REQUIRED ACTION
Output the complete listing exactly, please, and keep the pictures out of it.

SOURCE INFORMATION

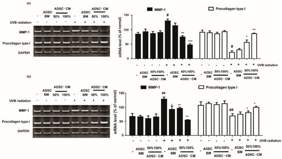 The effects of ADSC-CM on the mRNA expression of MMP-1 and procollagen type I in HaCaTs and NHDFs. HaCaTs (a) and NHDFs (b) were irradiated with UVB followed by treatment with 50% or 100% ADSC-CM for 24 h, respectively. All data are shown as the mean ± SD of at least three independent experiments. # p < 0.05 and ## p < 0.01, compared with the non-irradiated control. * p < 0.05, ** p < 0.01, and *** p < 0.001, compared with the irradiated, ADSC-CM free control.
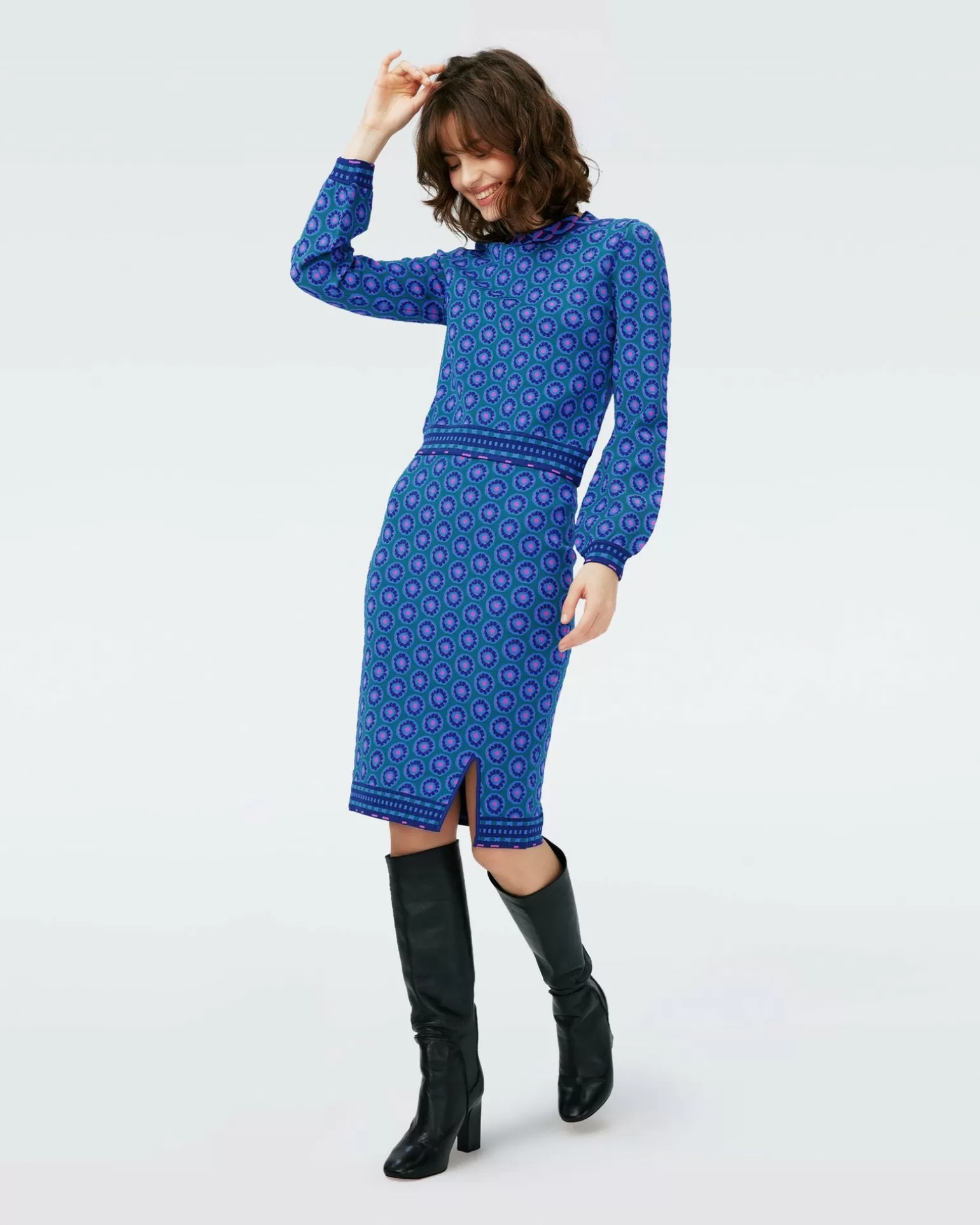 A Simple Shape With Playful Details, The Iggy Sweater Is An Easy Piece To Dress Up Or Down. This Sweater Has Contrasting Detail At The Crewneck Collar, Key-Hole Button Cuffs, And Hem. Made From A Jacquard Knit, It Has A Comfortable Feel And Polished Look. Pair It Perfectly With The Gusta Skirt For A Matching Look.
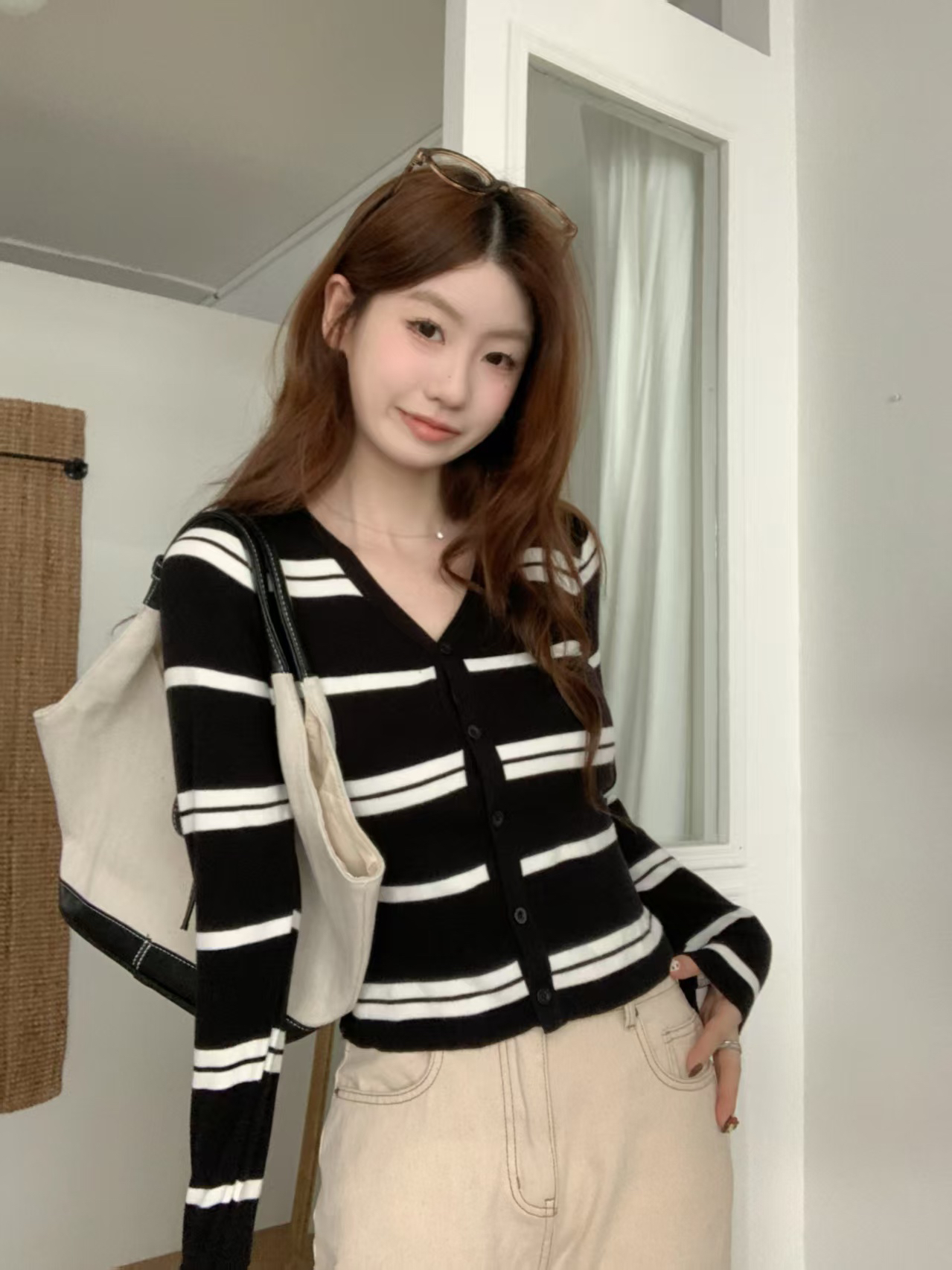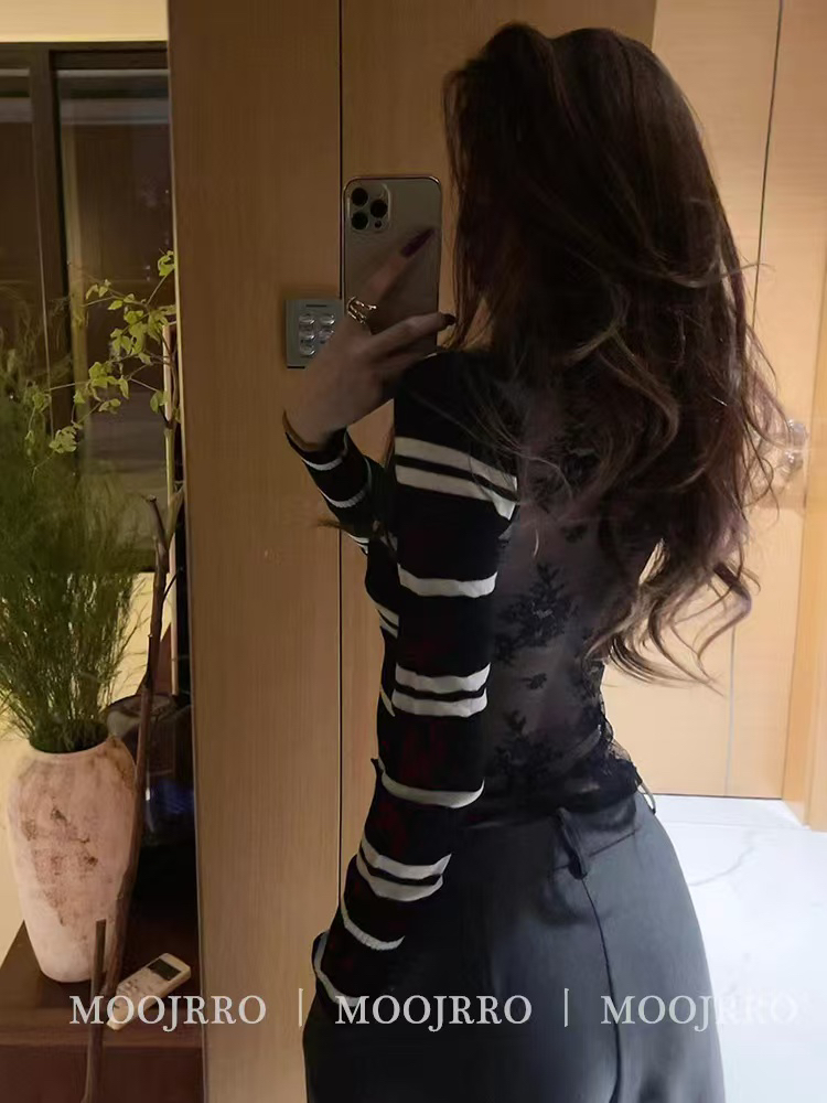 스트라이프 V넥 레이스 니트 스웨터 여성 가을 겨울철 몸매 가꾸기 인사이드 가져 가라. 섹시함 순수한 욕망 기본 셔츠 쇼트 스타일 긴팔 맨위
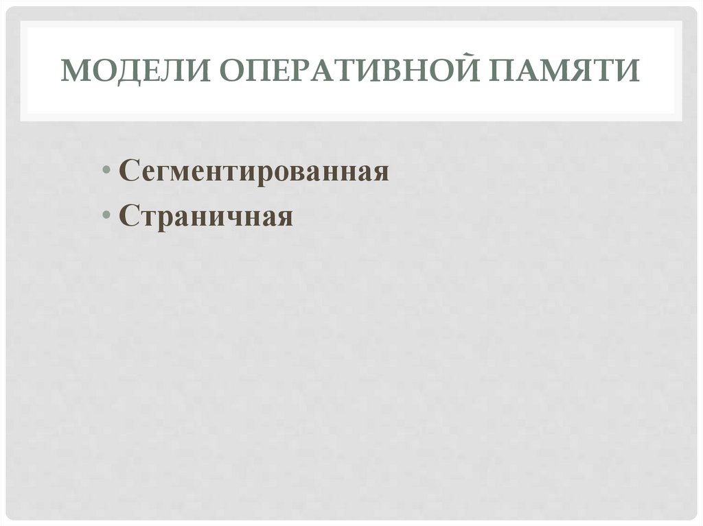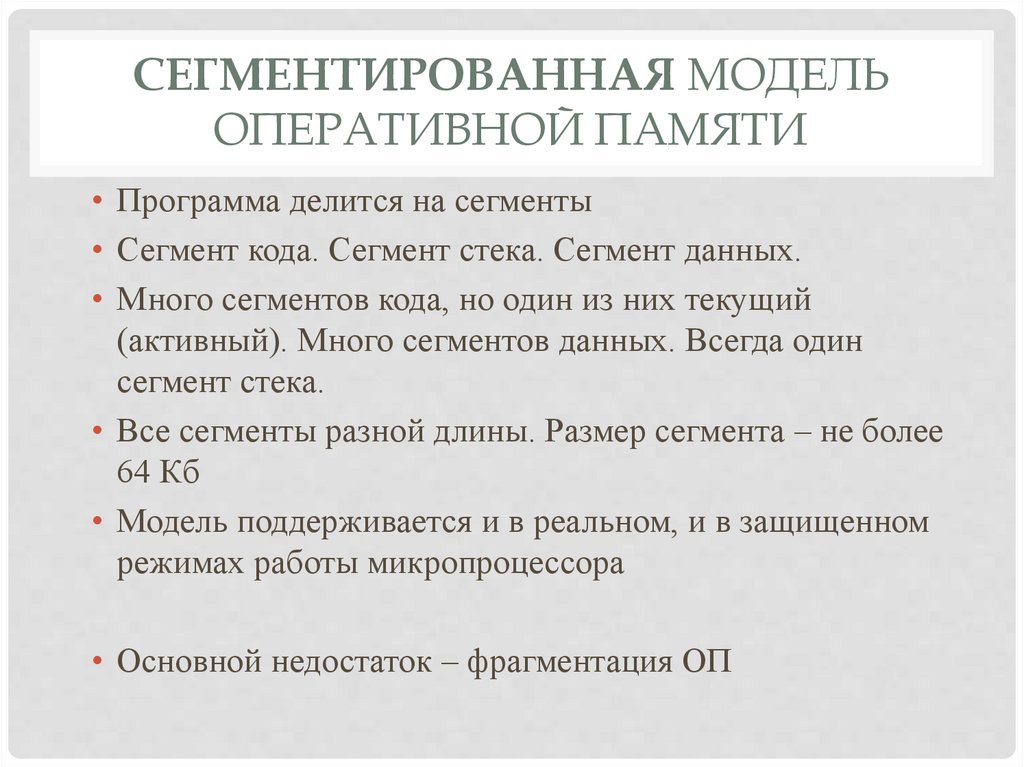 МОДЕЛИ ОПЕРАТИВНОЙ ПАМЯТИ• Сегментированная
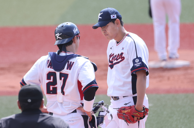 26일 일본 오키나와현 가데나의 가데나 구장에서 열린 2026 월드베이스볼클래식(WBC) 대한민국 야구대표팀과 삼성 라이온즈 연습경기. 2회초 안타를 허용한 뒤 포수 박동원과 이야기를 하고 있다. 2026.2.26 [연합뉴스]
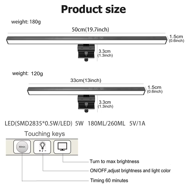 3. Una Luz de monitor de diseño que ahorra espacio, se sujeta a la parte superior del monitor, en comparación con las lámparas de escritorio ordinarias, ahorrando espacio valioso en su escritorio.
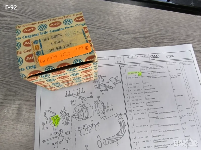 049903119H=G**NEU**Нови оригинални части**V A G**Шайба за генератор**
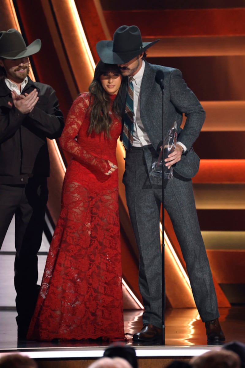 The 59th Annual CMA Awards - Show NASHVILLE, TENNESSEE - NOVEMBER 19: EDITORIAL USE ONLY (L-R) Ella Langley and Riley Green accept the Single of the Year Award for “you look like you love me” onstage during the 59th Annual CMA Awards at Bridgestone Arena on November 19, 2025 in Nashville, Tennessee. (Photo by Jason Kempin/Getty Images) (Jason Kempin/Getty Images)

ANSWER BOX
 The effects of ADSC-CM on the mRNA expression of MMP-1 and procollagen type I in HaCaTs and NHDFs. HaCaTs (a) and NHDFs (b) were irradiated with UVB followed by treatment with 50% or 100% ADSC-CM for 24 h, respectively. All data are shown as the mean ± SD of at least three independent experiments. # p < 0.05 and ## p < 0.01, compared with the non-irradiated control. * p < 0.05, ** p < 0.01, and *** p < 0.001, compared with the irradiated, ADSC-CM free control.
 A Simple Shape With Playful Details, The Iggy Sweater Is An Easy Piece To Dress Up Or Down. This Sweater Has Contrasting Detail At The Crewneck Collar, Key-Hole Button Cuffs, And Hem. Made From A Jacquard Knit, It Has A Comfortable Feel And Polished Look. Pair It Perfectly With The Gusta Skirt For A Matching Look.
 스트라이프 V넥 레이스 니트 스웨터 여성 가을 겨울철 몸매 가꾸기 인사이드 가져 가라. 섹시함 순수한 욕망 기본 셔츠 쇼트 스타일 긴팔 맨위
 МОДЕЛИ ОПЕРАТИВНОЙ ПАМЯТИ• Сегментированная
 26일 일본 오키나와현 가데나의 가데나 구장에서 열린 2026 월드베이스볼클래식(WBC) 대한민국 야구대표팀과 삼성 라이온즈 연습경기. 2회초 안타를 허용한 뒤 포수 박동원과 이야기를 하고 있다. 2026.2.26 [연합뉴스]
 3. Una Luz de monitor de diseño que ahorra espacio, se sujeta a la parte superior del monitor, en comparación con las lámparas de escritorio ordinarias, ahorrando espacio valioso en su escritorio.
 049903119H=G**NEU**Нови оригинални части**V A G**Шайба за генератор**
 The 59th Annual CMA Awards - Show NASHVILLE, TENNESSEE - NOVEMBER 19: EDITORIAL USE ONLY (L-R) Ella Langley and Riley Green accept the Single of the Year Award for “you look like you love me” onstage during the 59th Annual CMA Awards at Bridgestone Arena on November 19, 2025 in Nashville, Tennessee. (Photo by Jason Kempin/Getty Images) (Jason Kempin/Getty Images)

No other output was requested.